Dataturks makes Machine learning data annotation easier with its auto ML features and Human-in-The -Loop interactions. This AI startup was founded by Gajendra Dadheech and Mohan Gupta (both of them previously held executive positions in Flipkart) in 2018, initially headquartered in Bangalore, India and later acquired by Walmart Labs.
Dataturks allows companies, developers and researchers to upload their data which can be image, video or text and start the annotation process rapidly through their interface and help in enhancing the quality of datasets to be fed for training. Projects can be managed with team members or 3rd party outsourced annotators provided by the platform itself, which are then reviewed by a set of separate teams and generate real-time reports. Users can also access the pre-annotated datasets to auto-label or use them as per their use cases. Some open datasets have been made available on Kaggle. Dataturks claims to have achieved ten times better ROI(Region Of Interest) for data labelling.
Dataturks has made its platform fully open-sourced on GitHub. The cloud version of Dataturks provides end-to-end service to use platforms on the web, but there are certain situations where companies have to provide solutions internally. This is made possible by using docker which works fully offline yet has access to all kinds of services just as web. This version is supported in both Linux and Windows OS. A guide on the complete process has been provided in this blog.
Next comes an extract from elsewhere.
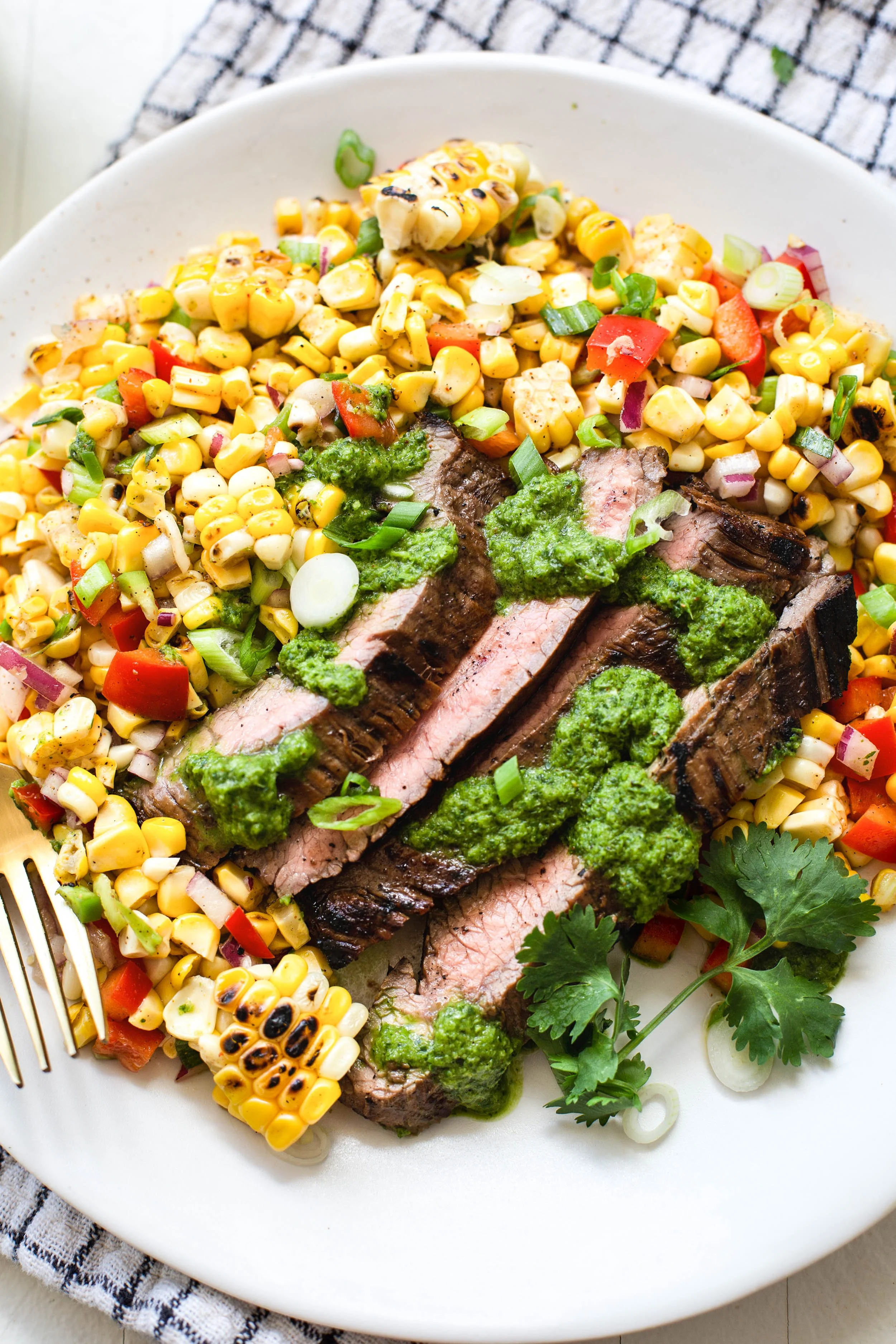 How good does this grilled flank steak over a charred corn salad with chimichurri sauce look? I hope you love this summer dinner as much as we do!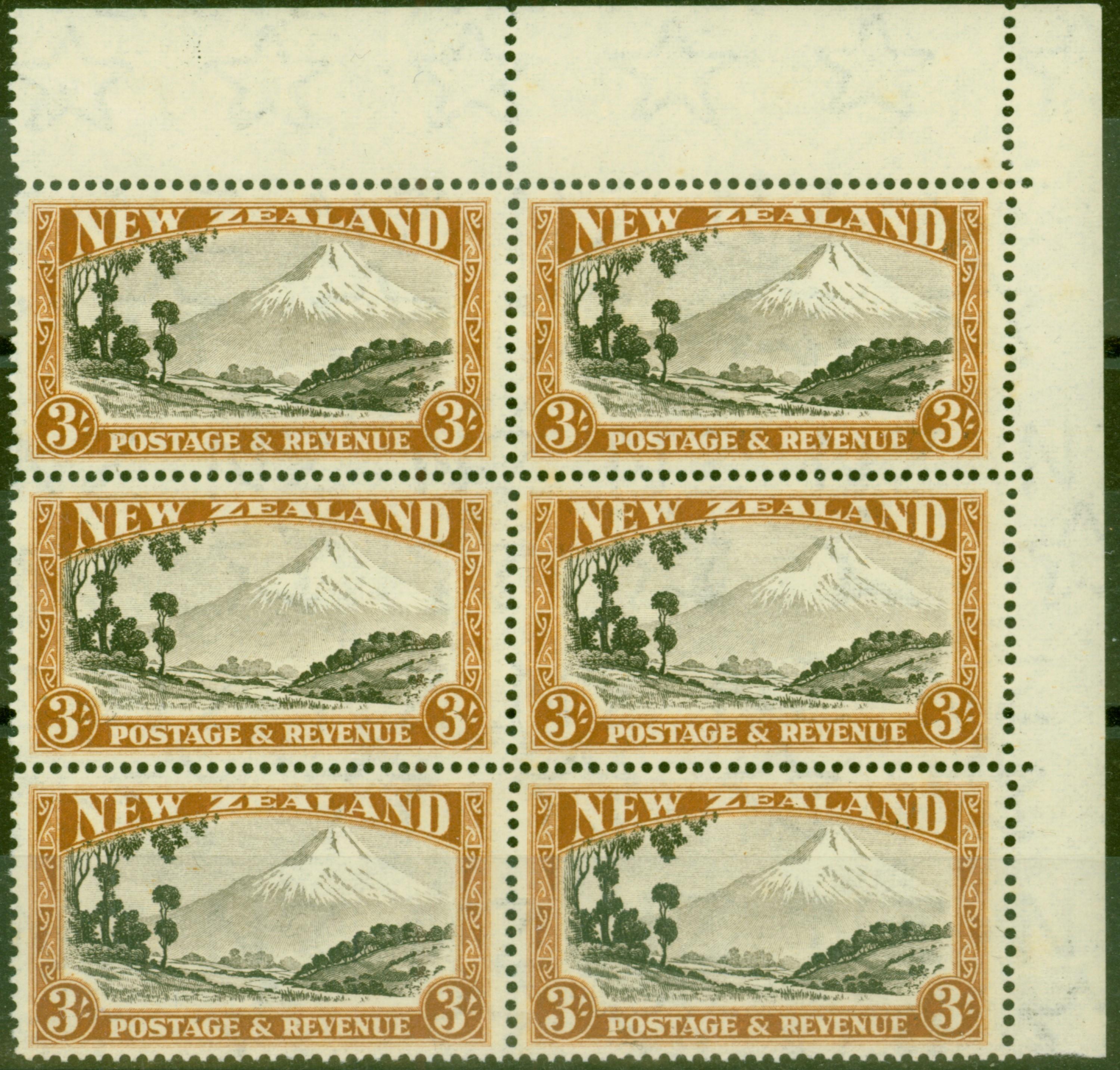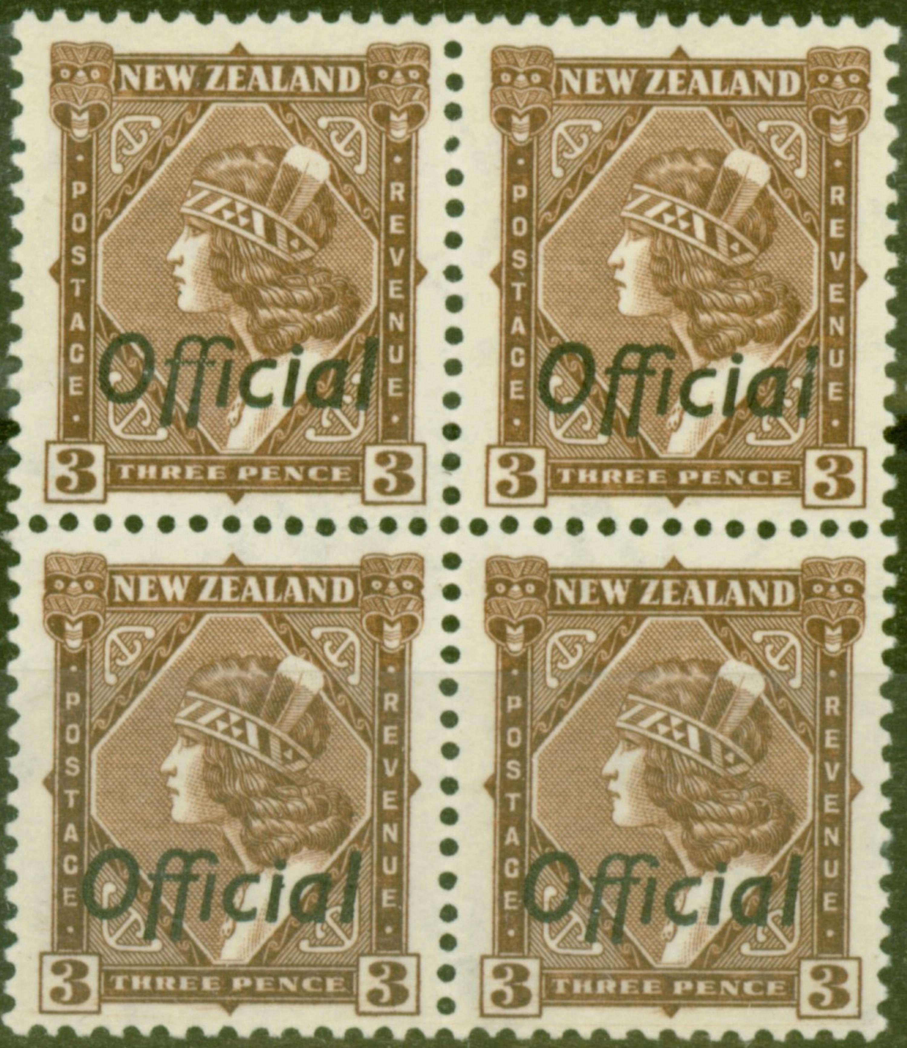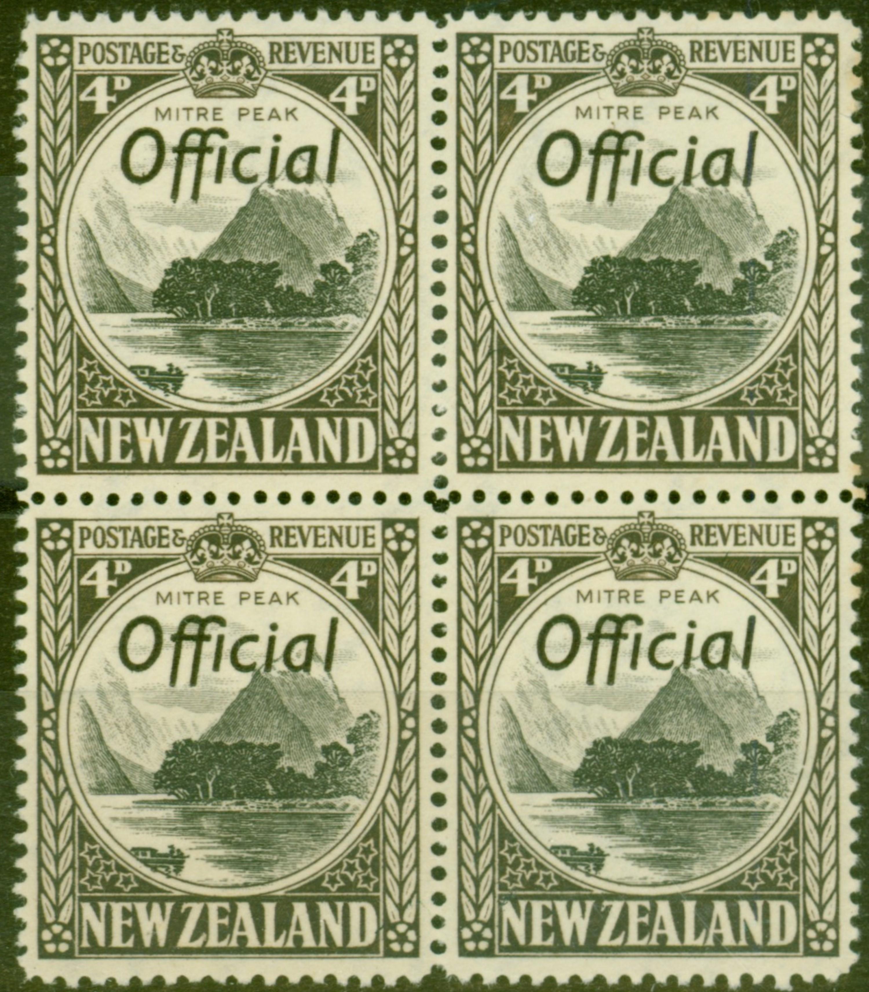 New Zealand 1953 3/6 on 3s6d GreyGreen SGF213 Fine MNH Block of 4

Image and Video Annotation
Images can be uploaded in a zip file. The uploaded images will be stored on Dataturks servers. If the user wishes to download the results, then exported annotation will be shown on these URLs. Another way would be uploading a text file where each line in the file is a public URL of the image to be tagged. Dataturks will then show the images on the tool directly from these URLs. The available tools allow image classification and segmentation, object detection using polygons and bounding boxes, OCR. Export formats can be Pascal VOC or Tensorflow.
Image Classification
Object with Multiple Labels with Bounding boxes
Image Segmentation: Polygons
Text Annotation
Browsers do not support raw text data on PDF or Doc files and fail to work with special characters etc. in text files. Dataturks provides a Utility tool to convert all your files to raw text and also do necessary pre-processing to make text compatible on a web browser. The wide range of text annotation facilities available is Document Annotation(Pdf, Docs, CSV or any other text format), Sublabels, NER, PoS(Parts-of-Speech) Tagging, Text Classification, Text Summarization, Content Moderation. Export formats can be JSON, Standard NLP or Spacy format.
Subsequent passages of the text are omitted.